O aumento da circulação de vírus respiratórios neste outono-inverno tem elevado o número de casos de Síndrome Respiratória Aguda Grave (SRAG) em todo o Brasil. Segundo o boletim mais recente da Fiocruz, o país já registrou mais de 89 mil casos de SRAG em 2026, sendo cerca de 49 mil com confirmação para vírus respiratórios. Entre as crianças, o vírus sincicial respiratório (VSR) permanece como o principal agente associado às hospitalizações, enquanto a influenza A predomina entre adultos e idosos.

Nesse cenário, a pneumonia continua sendo uma das principais complicações das infecções respiratórias e uma importante causa de internação, especialmente entre crianças pequenas, idosos e pacientes imunocomprometidos.

Segundo Carol Xavier, fisioterapeuta respiratória, especialista em Terapia Intensiva Pediátrica e Neonatal e CEO da Respirar & Crescer, embora a maioria das infecções respiratórias tenha evolução favorável, reconhecer precocemente os sinais de agravamento é determinante para evitar complicações: “Nem toda gripe ou resfriado evolui para pneumonia, mas grande parte das pneumonias é precedida por uma infecção viral das vias respiratórias. O ponto crítico é reconhecer precocemente quando a evolução deixa de ser a esperada e passa a comprometer a função pulmonar e a mecânica respiratória, aumentando o risco de insuficiência respiratória e de internação", diz.

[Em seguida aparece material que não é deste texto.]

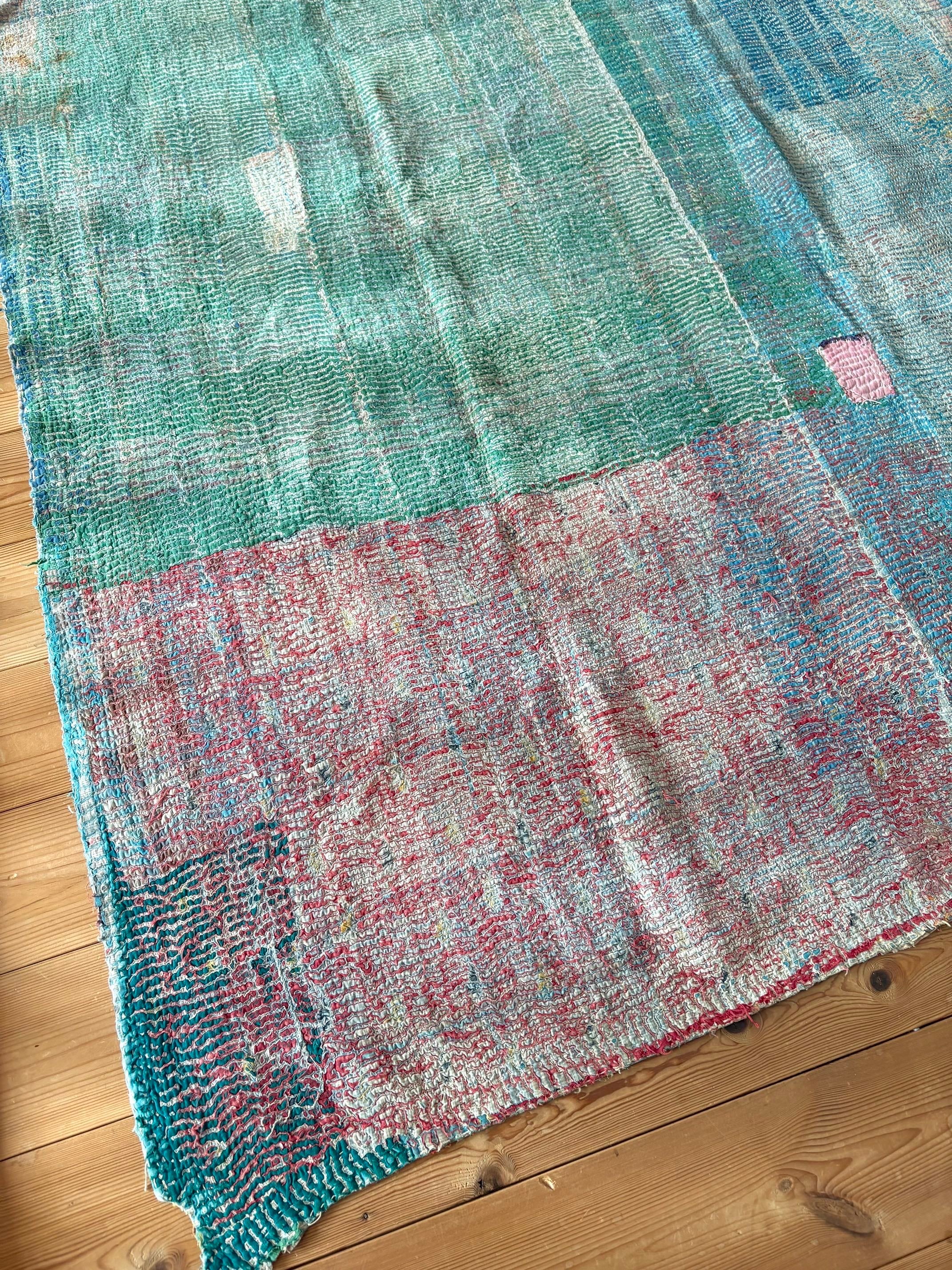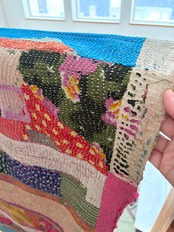 CAAPA店主がインドの信頼できるセラーさんにお願いして無数のカンタキルトの中から、布の表情や色合わせ、刺繍のリズムを見比べながら
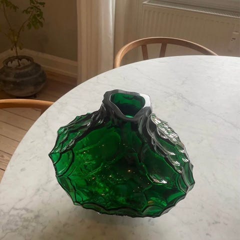 Organisk vase i gul glas fra Hein Studio købt i Stilleben.
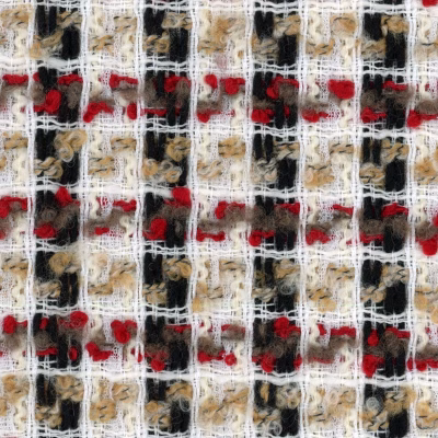 Deep Red Black And Cream Bouclé Fabric
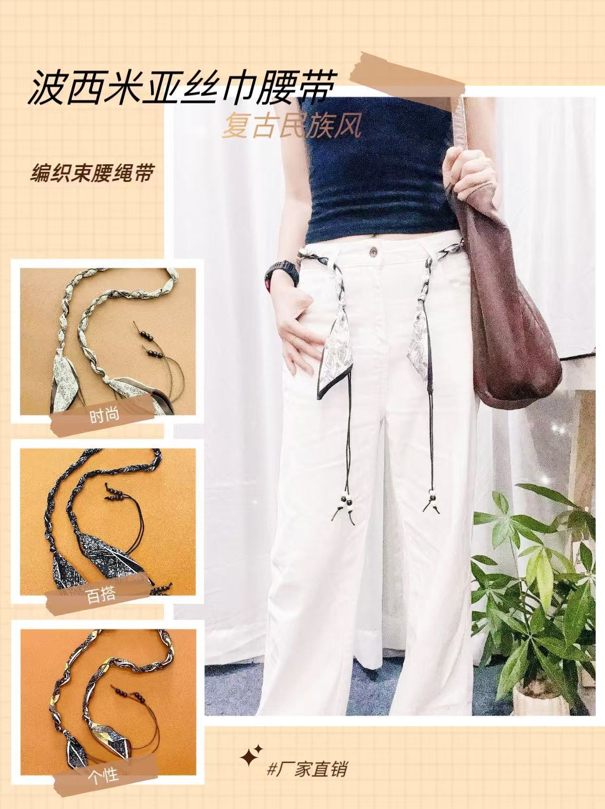 Шелковый пояс-скарб с годом Лошади, этнический стиль, плетеный пояс для талии, бохо, универсальный ретро стиль, декоративный аксессуар
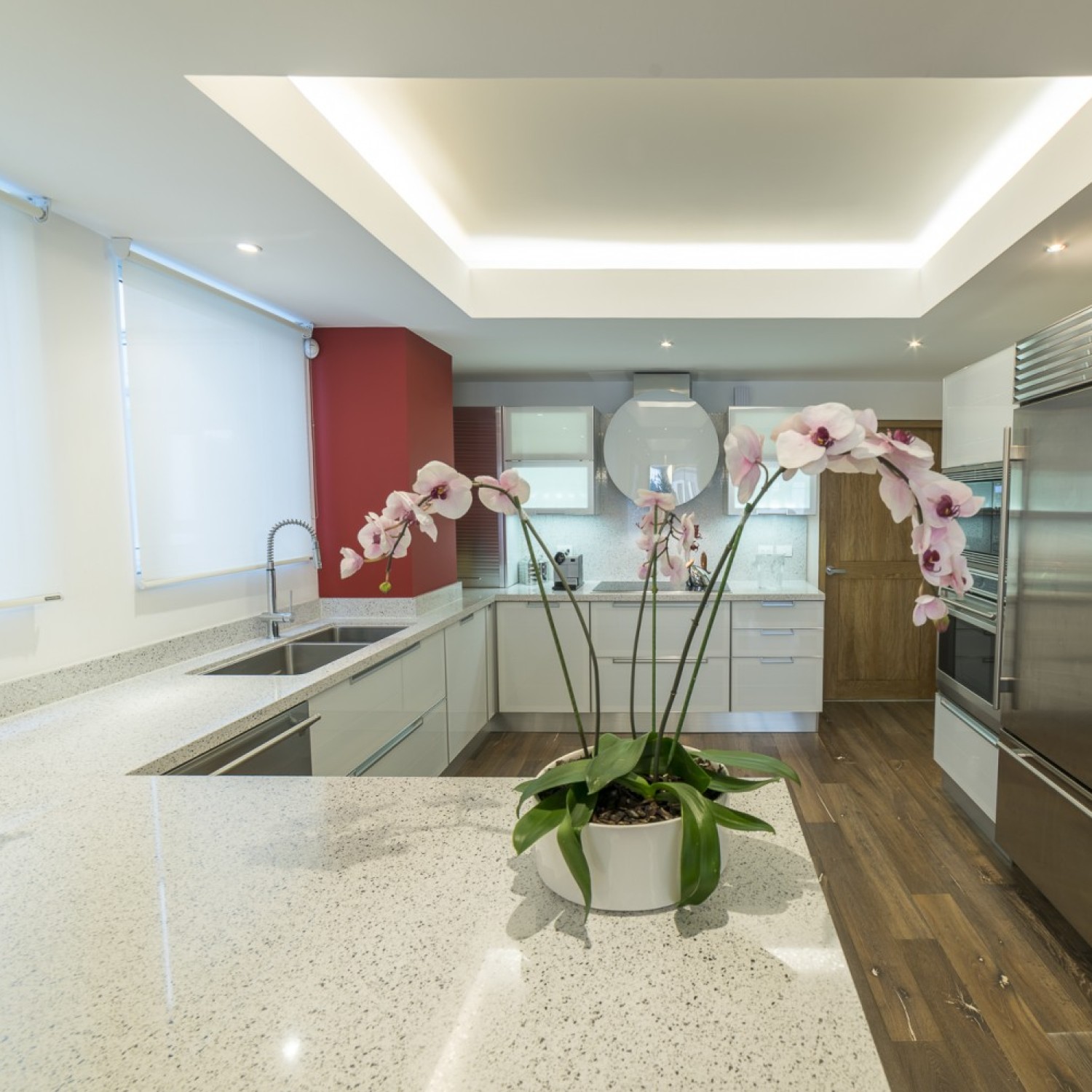 Este blanco siempre sorprende, con sus toque brillantes será el protagonista de tus ambientes aportando elegancia y luminosidad.
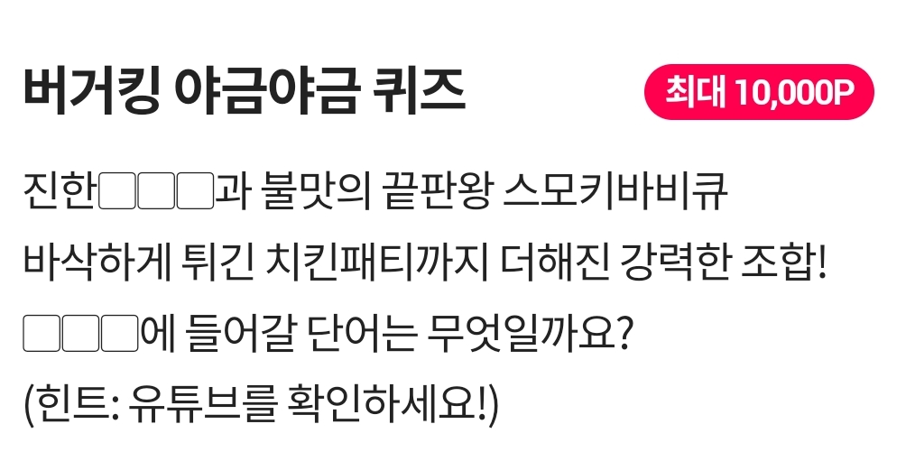진한▢▢▢과 불맛의 끝판왕 스모키바비큐 바삭하게 튀긴 치킨패티까지 더해진 강력한 조합! ▢▢▢에 들어갈 단어는 무엇일까요? (힌트: 유튜브를 확인하세요!)
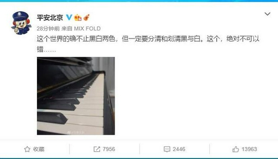 九派新闻注意到,通报发布前近半小时,平安北京发文:这个世界的确不止黑白两色,但一定要分清和划清黑与白。这个,绝对不可以错…… 疑似暗指李云迪嫖娼一事。
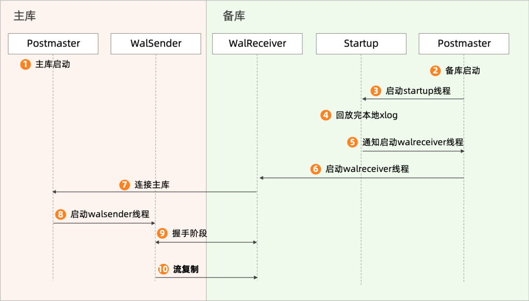 备库Startup线程设置流复制起点、主库连接信息、复制槽名称等信息,并通知Postmaster线程启动WalReceiver线程
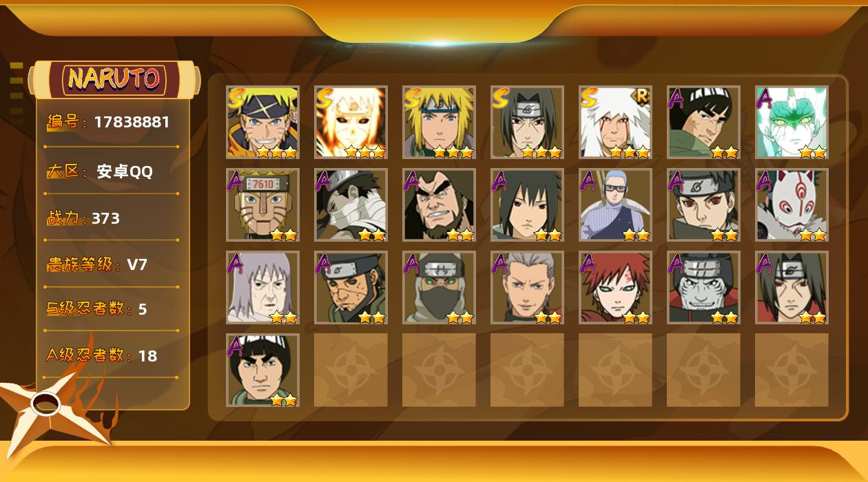 【S级忍者】:宇智波鼬「须佐能乎」(3星),自来也「舞之豪杰」(3星),波风水门(3星),波风水门「九喇嘛连结」(3星),漩涡鸣人·宇智波佐助(3星)
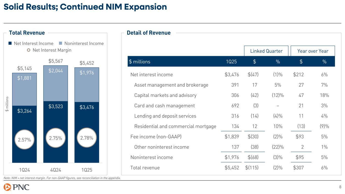 7 Strong Year over Year Performance Income Statement Summary Linked Quarter Year over Year $ millions except EPS 1Q25 $ % $ % Net interest income $3,476 $(47) (1)% $212 6% Fee income (non-GAAP) 1,839 (30) (2)% 93 5% Other noninterest income 137 (38) (22)% 2 1% Noninterest income $1,976 $(68) (3)% $95 5% Total revenue $5,452 $(115) (2)% $307 6% Noninterest expense 3,387 (119) (3)% 53 2% Pretax, pre-provision earnings (non-GAAP) $2,065 $4 – $254 14% Provision for credit losses 219 63 40% 64 41% Income taxes 347 69 25% 35 11% Net income $1,499 $(128) (8)% $155 12% Diluted EPS $3.51 $(0.26) (7)% $0.41 13% Key metrics 3/31/25 12/31/24 3/31/24 Noninterest income to total revenue 36% 37% 37% Net interest margin (non-GAAP) 2.78% 2.75% 2.57% Note: Net interest margin is calculated using taxable-equivalent net interest income, a non-GAAP measure. For non-GAAP figures, see reconciliation in the appendix.
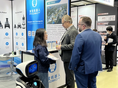 ■海外采购商咨询智慧园区方案 在展位现场的情景演示中,接入AI 大语言模型的迎宾导览机器人 X3,不仅能精准识别访客需求,提供多语种智能问询服务,还可实现跨楼层自主带路,全程无需人工干预;搭载先进 AI 视觉识别算法的室内巡逻机器人 S2,如同 24 小时在岗的 “智能卫士”,可实现 7×24 小时不间断跨楼层巡逻,对异常情况进行分级预警与实时上报。机器人灵活避障、高效协同作业的场景,引发了现场观众的广泛围观与打卡分享。 “我们所有的机器人均可实现云端集中管控。” 派宝机器人现场负责人介绍,通过自主研发的云端平台,所有设备可实现集中管控与智能调度,形成 “感知 - 决策 - 执行” 的智慧服务闭环,能够从多维度提升园区运营效率和事故响应速度,进而实现降本增效。 l 双向赋能筑出海新生态 此次联合参展并非单一产品出海,而是整套智慧生态的系统化输出。合作中,中新智慧园凭借现代化产业资源,为派宝机器人提供了重要的产品场景验证平台;派宝机器人则以技术赋能,助力中新智慧园打造“智慧园区示范样板”,为园区企业提供全方位智慧无人化服务,最终形成 “技术研发 - 场景验证” 的良性循环。
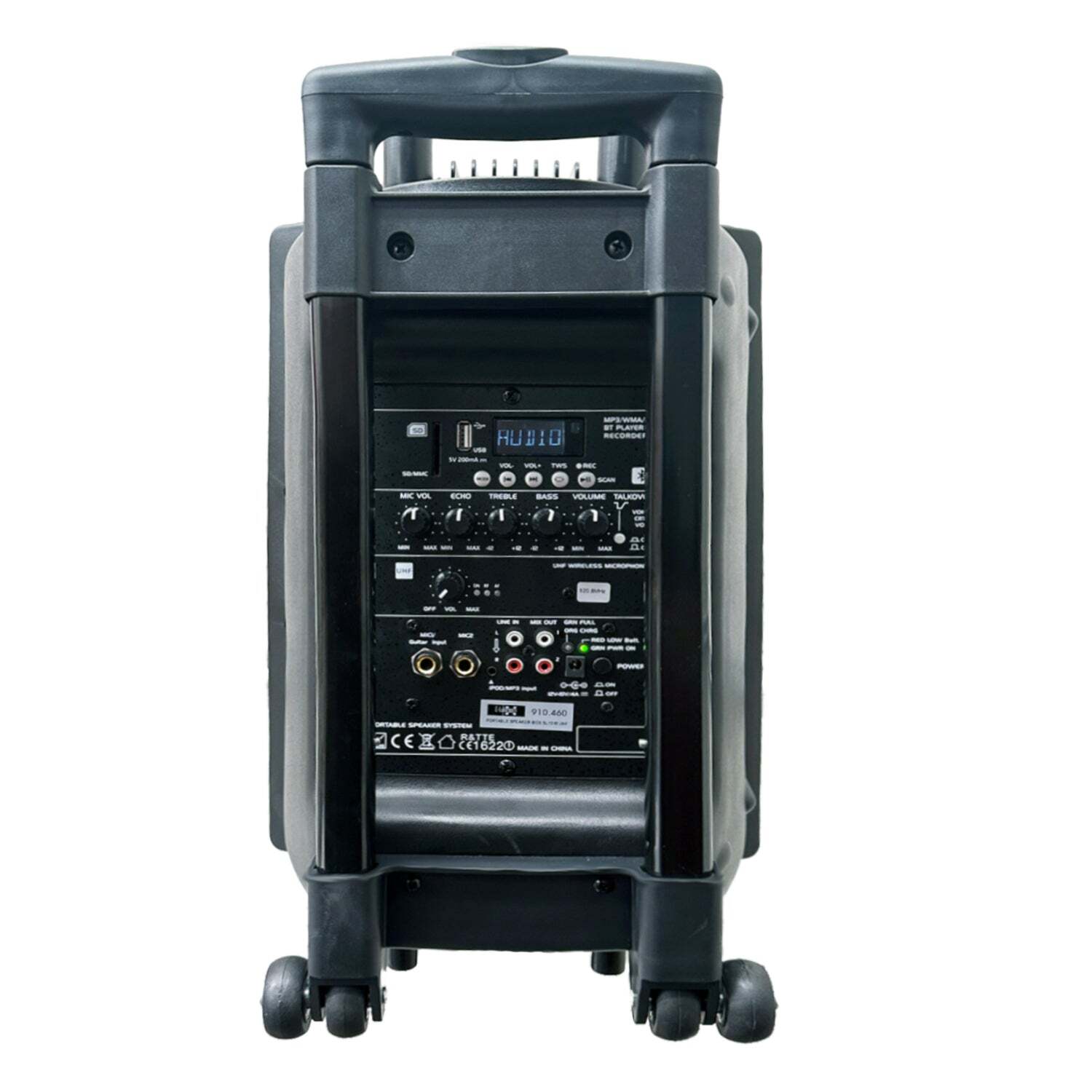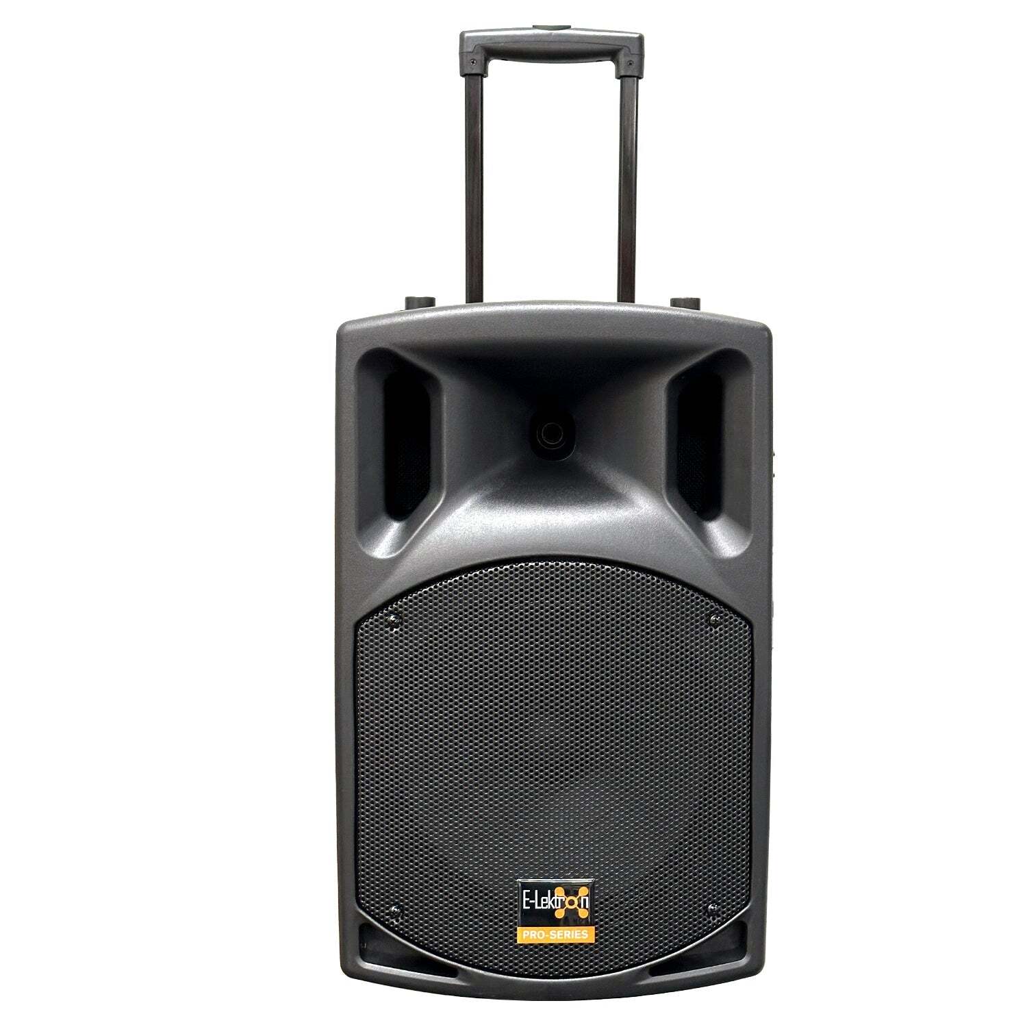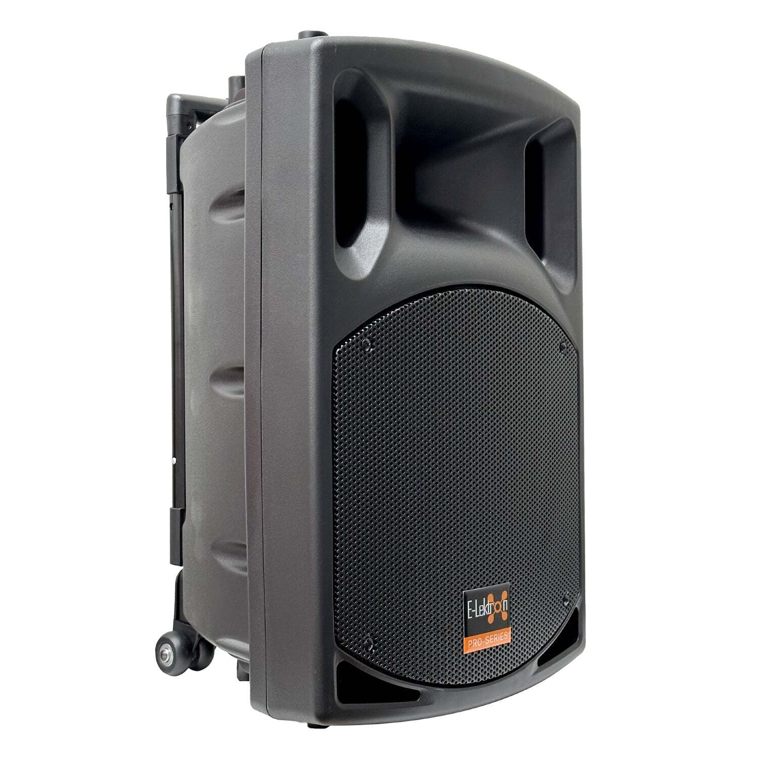 E-Lektron 10-inch portable speaker with UHF mic is a light Compact, only 46cm high and 10kg, 2-way sound system with a built-in power amplifier in shock-proof ABS plastic housing with handle and wheels.
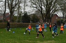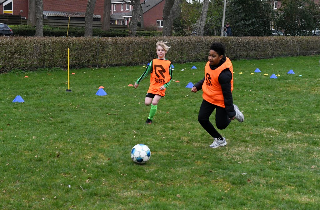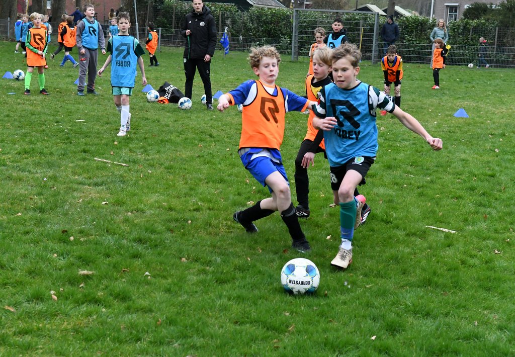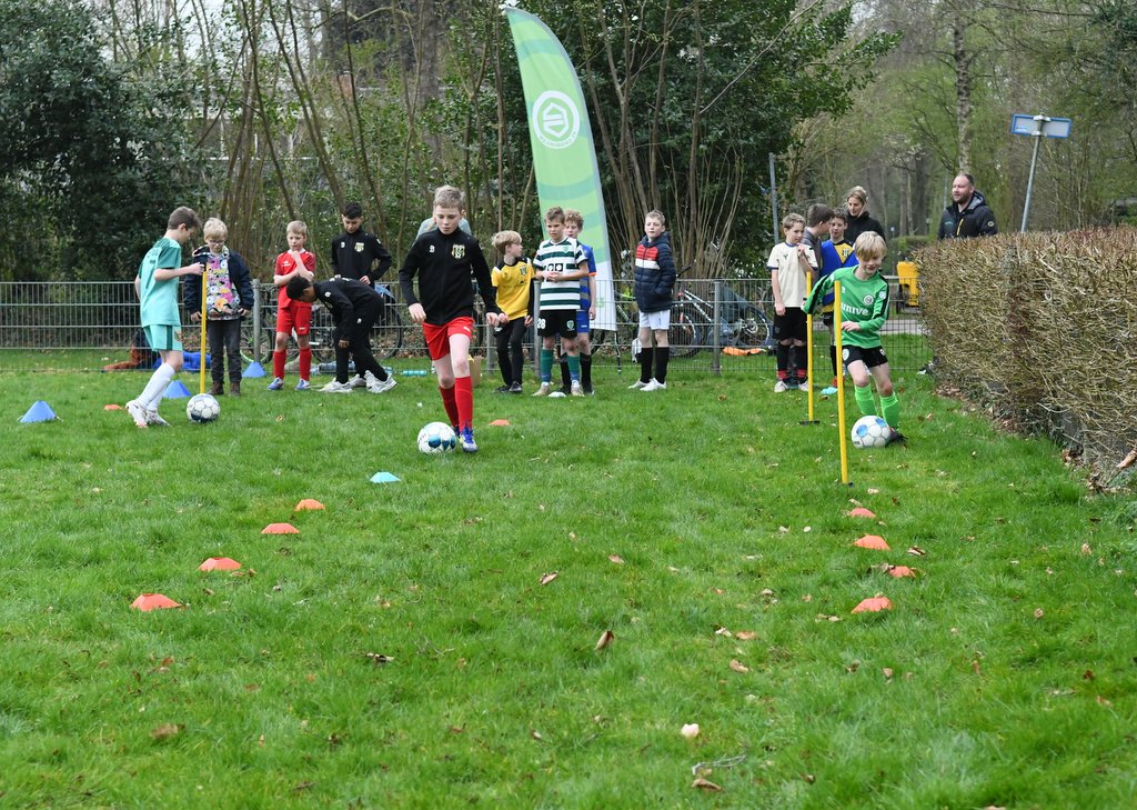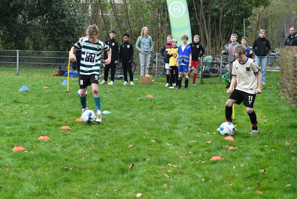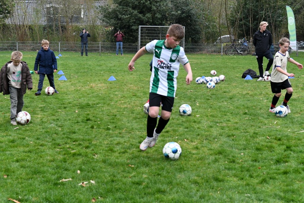 Tijdens de clinic werd er volop bewogen: van spannende onderlinge partijtjes tot een uitdagend slalom- en dribbelparcours. Op het veld werd fanatiek gestreden om elke bal, waarbij inzet en plezier hand in hand gingen.

Pacientes com doenças respiratórias crônicas, cardiopatias, imunodeficiências, prematuridade e outras condições que comprometem a resposta imunológica apresentam maior risco de desenvolver formas graves da doença.

“Mais importante do que observar apenas a febre é avaliar como a infecção está repercutindo na respiração e no estado geral do paciente. Quando surgem dificuldade para respirar, aumento do esforço respiratório, cansaço progressivo ou redução importante da alimentação e da hidratação, é fundamental buscar reavaliação médica, porque esses sinais podem indicar comprometimento da função pulmonar", explica Carol.

A prevenção permanece como a estratégia mais eficaz para reduzir hospitalizações e complicações. Em junho, o Ministério da Saúde incorporou a vacina pneumocócica conjugada 20-valente (Pneumo 20) ao calendário do SUS, ampliando a proteção contra um número maior de sorotipos do Streptococcus pneumoniae, principal bactéria responsável por pneumonias, meningites e sepse.

“A incorporação da Pneumo 20 representa um avanço importante para a prevenção das formas graves de pneumonia. Associada à vacinação contra influenza, à manutenção de altas coberturas vacinais e ao diagnóstico precoce, ela tem potencial para reduzir significativamente internações e complicações, principalmente entre crianças, idosos e pacientes com maior vulnerabilidade clínica", finaliza Carol.